The FLAMELETTYPE inert option constructs a synthetic non-reacting diffusion flamelet directly from user-specified boundary states at Z=0 and Z=1. This workflow does not read flamelet files from disk, so PREFIX and FLAMELETPATHS are not required.

This workflow is provided as a reproducible example in this repository at tests/integration_tests/inert_fpvc_pure_mixing_table.

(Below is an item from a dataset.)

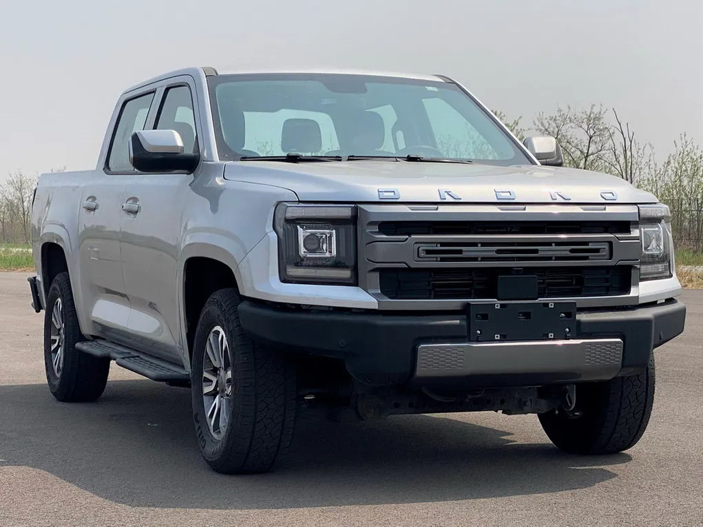 这两款新大道外观保持一致,可能是两驱和四驱车型。与2023款大道相比,新车最大变化是前脸发生变化。新大道不再悬挂大道图形车标,替换成更夸张的纯字母“DADAO”LOGO。新LOGO的位置也从格栅中网位置上挪至引擎盖处。这也和当下众多车标纷纷上移的趋势保持一致。新车标上移至引擎盖处显得更加简洁高端。而此前悬挂车标的中网被改成了3个细细的长方形图案点缀。

Use the following options to generate an inert FPVC pure-mixing table:

Example control file (inert_fpvc_table_input.dat) for an inert FPVC pure-mixing table.

AUTHOR Wanda Daradar
TABLETYPE FPVC_PURE_MIXING
CLOSURETYPE ThickenedFlame
MECHANISM he_n2.yaml
EOS ideal
FLAMELETTYPE inert

# Required by current C_st lookup path
ZST 0.5
FUEL N2

# Boundary states used to synthesize the inert flamelet
BOUNDARY_MIXING_P 6.0e6
BOUNDARY_MIXING_Z0_T 900.0
BOUNDARY_MIXING_Z1_T 363.0
BOUNDARY_MIXING_Z0_Y HE:1.0
BOUNDARY_MIXING_Z1_Y N2:1.0
BOUNDARY_MIXING_NPOINTS 101

NZMEAN 101
NCMEAN 101
DEFINEPROGVAR Y_N2
OUTPUTNAME he_n2_inert_fpvc_pure_mixing
OUTPUTTYPE hdf5 vtk
TABLE_VERIFICATION TRUE
GENERATE_DIAGNOSTICS TRUE
LOGGING_LEVEL INFO

Run the case with:

cd tests/integration_tests/inert_fpvc_pure_mixing_table
flamelet_table_tool inert_fpvc_table_input.dat

Notes:

Z=0 is treated as the oxidizer-side boundary and Z=1 as the fuel-side boundary in the generated flamelet metadata.
The synthetic inert flamelet has no chemistry; species production rates and heat release are set to zero.
For a 3-D inert table with dimensions (Z, C, Y_inert), use TABLETYPE FPVC_INERT with inert-level flamelet groups (see the inert section in the FlameMaster guide).